A ban on the sale of alcohol, mass-scale sale of land to Arabs, street signs in Arabic and a national census, according to which Bosnia and Herzegovina is a predominantly Muslim country – all this is sending a “very bad signal” to foreign tourists coming to Sarajevo, especially during holidays, Sarajevo-based expert on religion, Mehmedalija Nuhic, said.

“All these foreigners are going to feel is that they find themselves in a religious, anti-secular country,” Nuhic noted.

Recently there have been strong attempts to present Bosnia as a Muslim-majority country. According to a 2013 census, Muslims account for just over 50 percent of the country’s population.

However, because the organizers also counted in Bosnian Muslims who have long been living and working abroad, the Bosnian Serb Republic refused to recognize its results.

In another sign of Bosnia, once a symbol of “multiculturalism,” now turning into a Muslim country, Arabs are busily snapping up local real estate, mainly in close vicinity to Sarajevo, abandoned by its ethnic Serb owners during and after the 1990s war.

In Ilidfza, a Sarajevo neighborhood, which is now home to a large Arab community, locals say that Arabic is now a second language there with almost everything, from apartment sale ads to kebob price tags, written in Arabic.

Getting around local property laws, the Arab newcomers are setting up firms to buy land and real estate.

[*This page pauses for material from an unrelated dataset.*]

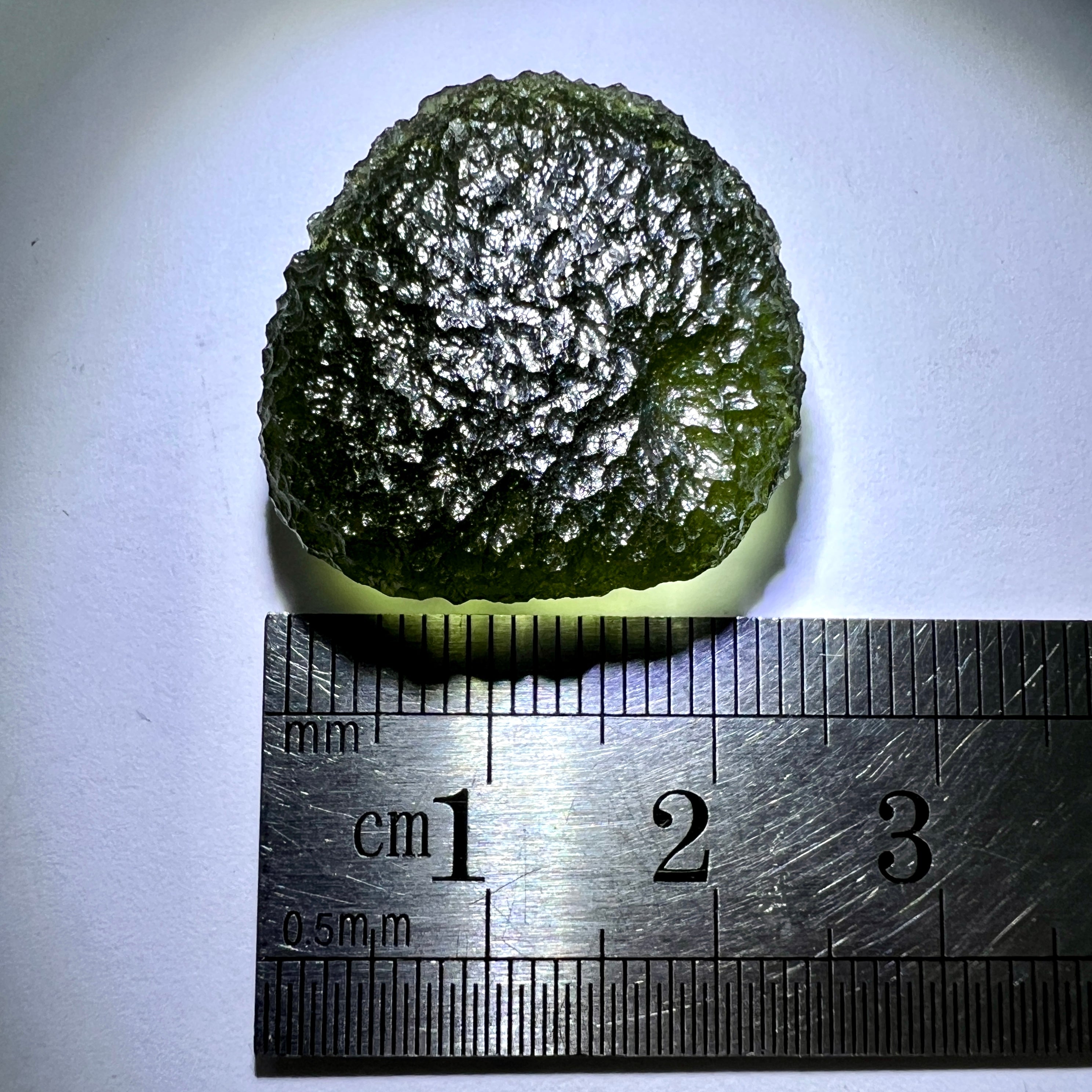 showcases intricate, detailed texturing on all sides and edges, making it a truly remarkable find. Its uniform thickness enhances its translucency, revealing a captivating green hue when held up to light. Weighing 6.7 grams, this piece is a prized addition for any serious collector of Moldavite.

Just how much real estate in Bosnia is now owned by Arabs and how exactly it changed hands, is anyone’s guess.

In a recent interview with N1 television channel, Sarajevo University Professor Esad Durakovic said that thousands of hectares of prime Bosnian land were being sold to the Arabs.

“We are witnessing the implementation of an international project of the ‘Muslimization’ of Bosnia and Herzegovina,” he warned.

In December, the University of Sarajevo announced that it will not hold classes during Muslim Friday prayers in what many see as another step towards the Islamization of the country.

Three left-wing and liberal political parties including the Social Democratic Party (SDP) denounced the move amid widespread fears of radicalization among the country’s Muslims.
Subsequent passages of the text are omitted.